Railway station in North Rhine-Westphalia, Germany

Bottrop Hauptbahnof is a railway station in Bottrop, North Rhine-Westphalia, Germany. It is located on the Oberhausen-Osterfeld Süd – Hamm railway and Essen–Bottrop railway and is served by RE and S-Bahn services operated by DB and NordWestBahn.

==History ==
On 12 November 1879, the Royal Westphalian Railway Company opened the Horst–Osterfeld section of its Welver-Sterkrade line, but failed to build a station in Bottrop.
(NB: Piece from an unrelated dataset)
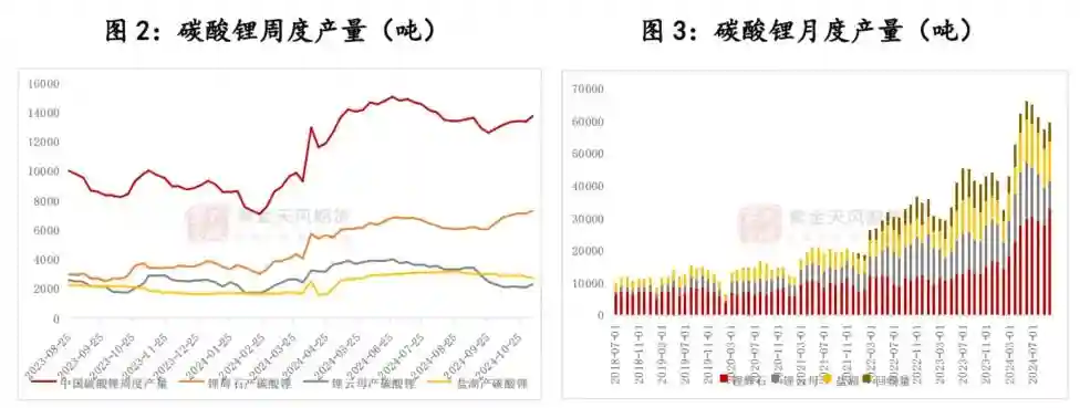月度产量方面,11月产量预计达63315吨,环比增3650吨、+6.1%,其中,其中辉石产、云母产、盐湖产、回收产碳酸锂分别+2800、+870、-420、+400吨至35650、9830、11510、6325吨(SMM)。国内碳酸锂10月产量环比增加2145吨至59665吨,环比增4%,略高于月初预期,其中辉石产、云母产、盐湖产、回收产碳酸锂分别+4700、-2410、-310、+165吨至32850、8960、11930、5925吨(SMM)。

Just one year later, the company was nationalised and the line was partly dismantled.

On 1 May 1905 the Prussian state railways opened the Oberhausen-Osterfeld Süd–Hamm railway, which runs parallel to the Westphalian route from Osterfeld Süd to the east for about four kilometres to the current Bottrop Hauptbahnhof and then swings to the north. On this line a station was opened nearly half a kilometre east of the present station then called West Bottrop station. This station was designed with station building on an island between two tracks to the east of Bahnhofsstraße.

At about the same time, the Bottrop CME station of the former Cologne-Minden Railway Company on the Duisburg-Ruhrort–Dortmund railway was renamed Bottrop Süd and the Bottrop RhE station of the former Rhenish Railway Company on the Duisburg–Quakenbrück railway was renamed Bottrop Nord.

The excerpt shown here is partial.